そもそも、ミレたちの世界にもたまにしかやってこなかったという。
防衛のために何か手を打つ必要はあるよね……。
「う~ん。【亜神】かぁ」
「【亜神】がどうかしたんですか?」
「何か対策考えないといけないかなと思いまして」
ボクの呟きにミレが反応した。
さて、どうすればいいやら……。
「とりあえずしばらくの間、警戒はマルムさんとセリアさんにお願いしてはいかがでしょうか。現在戦えるのは私たちフェアリーノーム以外では彼女たちだけです」
「ボクも早く強くなって参加したいです」
今のところ動物以外ではゴブリンとスライムとしか戦っていないのだ。
盗賊退治はあんまり攻撃できていなかったので実感がわかないし……。
「ねぇミレ? 【亜神】ってなんなんだろうね」
「前に説明したと思いますが」
「うん。そうなんですけど。何が目的なのかなと思って」
「詳しいことはわかりません。ですが、私たちの世界に来ていたものは力の略奪を目的としていました。あちらの世界にいたのはそういうものとは違うようで、何かを探していたようでしたが……」
「探す、ですか。どんなのがいたのですか?」
「黒い粘性生物のような物体でした」
力の略奪ということは、ミレたちの持っているっていう終焉した世界の女神の力を奪うっていうことだよね?
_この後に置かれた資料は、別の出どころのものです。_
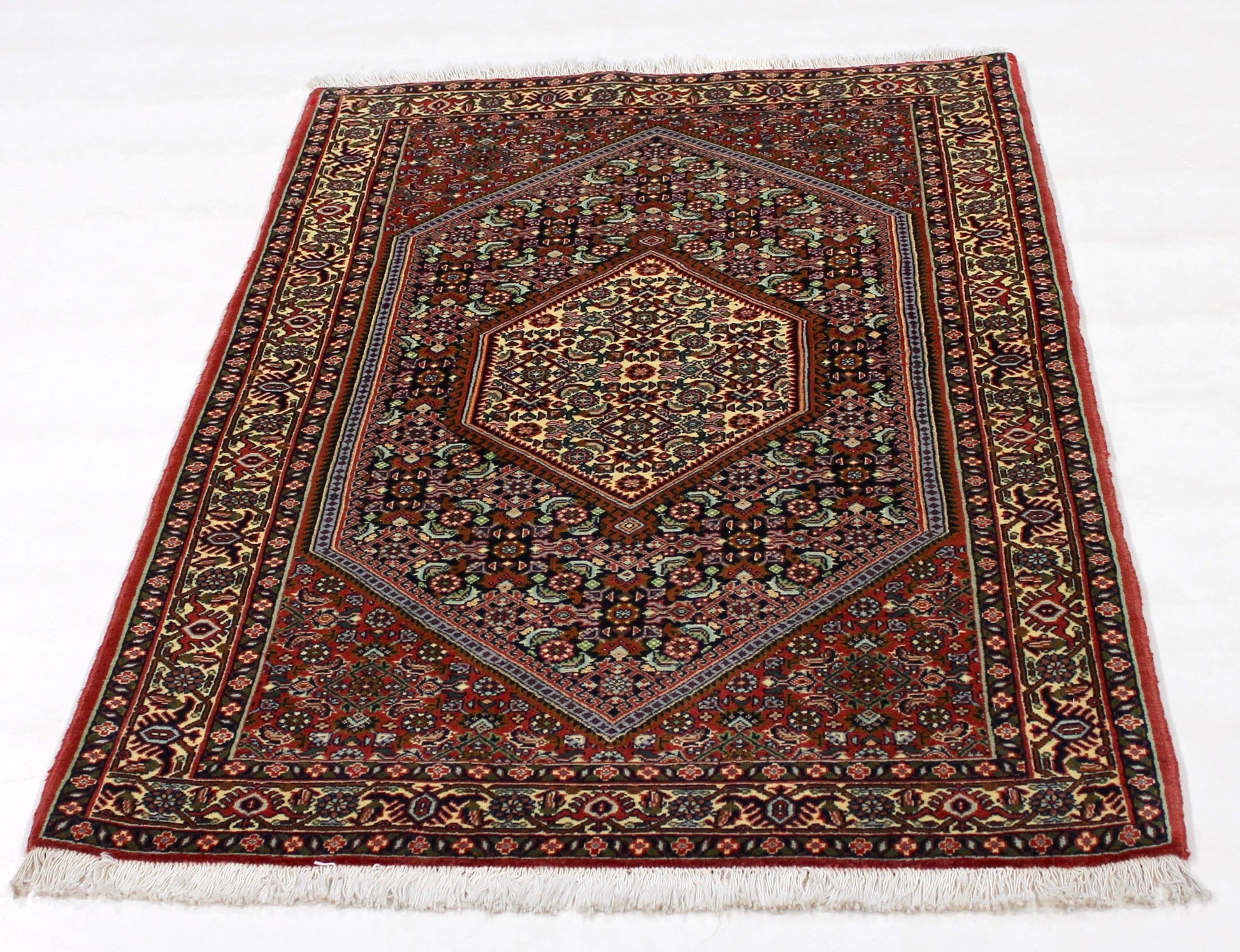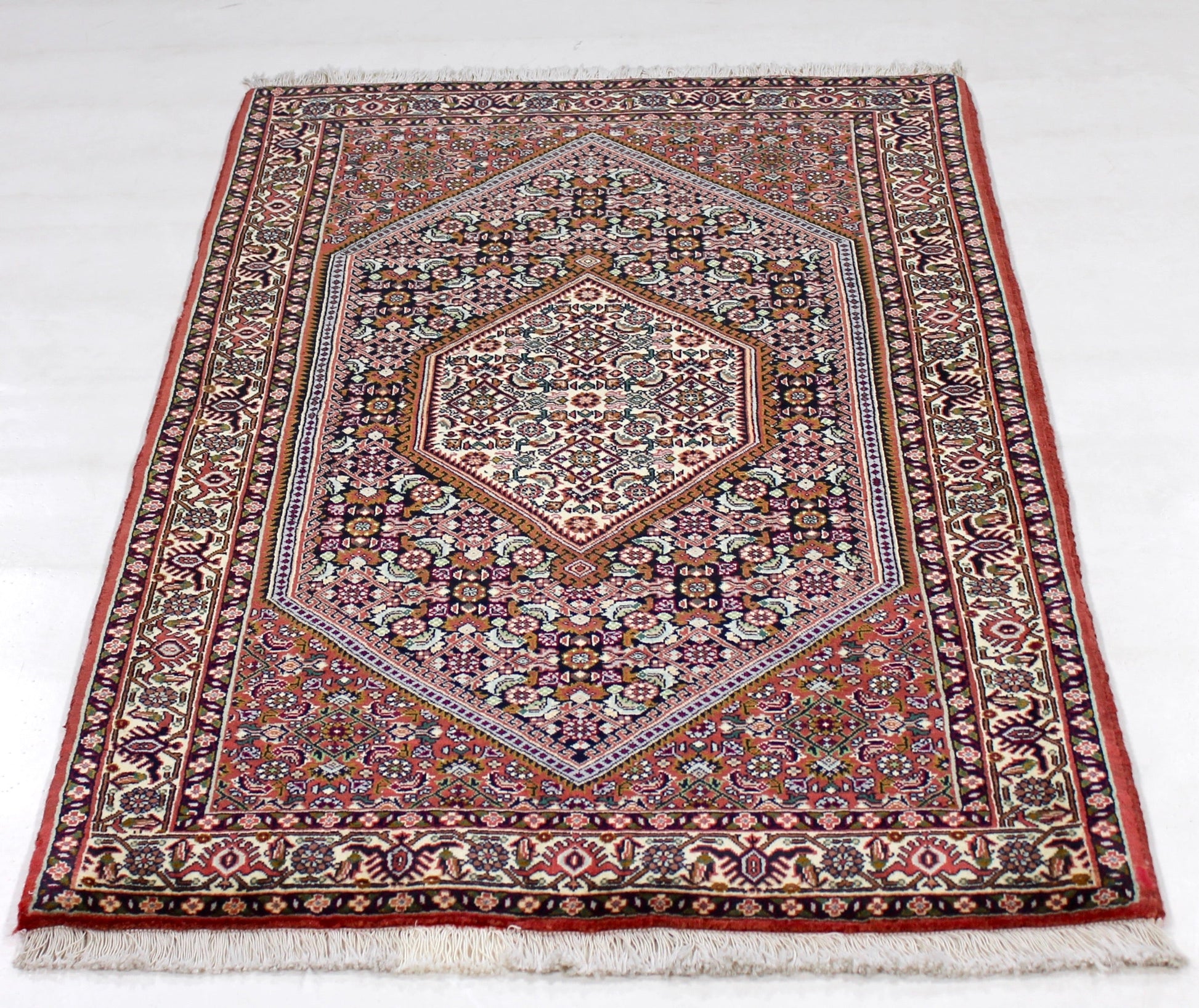 Bidjar-Teppiche stammen aus der gleichnamigen Region im Nordwesten Irans. Bidjar ist bekannt für seine außergewöhnliche Strapazierfähigkeit und dichten Flor. Diese Teppiche zeichnen sich durch eine hohe Knotendichte und ein charakteristisches Rauten- oder Medaillonmuster aus, das in kräftigen Blau- und Rottönen gehalten ist.

お爺様の世界にやってきた【亜神】はどう違うんだろうか。
「やっぱりよくわからない。力を求めてどうするんでしょうか……ん!?」
「主様、気を付けてください」
「ご主人、まずいのが来ました!!」
「主、これは一体……」
突如得体の知れない気配を感じた。
すごく気持ち悪くて嫌な気分になる。
なにこれ……。
「【亜神】!!」
ミレが何かに向かってそう言った。
何か……。そう、黒い何かの塊にだ。
「【亜神】?」
ボクがその何かを見ると、何かは徐々に人の形に変わっていく。
周りにはフェアリーノームたちが集まりだしていた。
「マルムさんとセリアさんは……?」
「気分が悪くなってしまったので休ませています!」
どうやら二人は倒れてしまったようだ。
そういえば千早さんはどこだろう?
「遥様! なんですかこれ!」
千早さんは別のログハウスから出てきてボクのほうに駆け寄ってきた。
「わ、わかりません……」
何かは完全な人型になると、徐々に色を付けていく。
やがて何かは、見目麗しい黒髪の美少女の姿へと変わってしまった。
気持ちの悪い存在感はそのままにして……。
「またお前たち。邪魔をするな。他の馬鹿どものようにお前たちの力などに興味はない」
黒髪の美少女はフェアリーノームに向かって静かにそう言い放った。
彼女の言う他の馬鹿どもとは、ミレたちの世界に来ていたという【亜神】のことだろう。
「また叩き潰されたいというのですか、この混沌スライム」
「あれは私の分体。本体ではない。本体である私がお前たちに負けるわけがない」
「戯言を。いいでしょう。今すぐ叩き潰してあげます」
ミレの一言でフェアリーノームたちが一斉に臨戦態勢に入った。
このままだと何となくまずい気がする……!
「待って、ください。な、何が、目的、なんですか」
少し息苦しいが何とか声を絞り出した。
「お前は……? いやいい。私は私のお姉様の痕跡を探している。麗しい黒髪の、強力な力を持った最愛のお姉様。そこの古ぼけた女神どもに邪魔され、あの爺の世界ではちゃんと痕跡を追えなかった」
あの爺ってお爺様のこと?
「あの爺って誰ですか?」
もしあの爺がお爺様のことだったら、何かわかるかもしれない。
「あの爺。たしか【アリオス】といったか。お姉様を奪った憎い相手。同時にお姉様との約束によりあの世界には手を出せない。忌々しい……」
やっぱりお爺様のことだった。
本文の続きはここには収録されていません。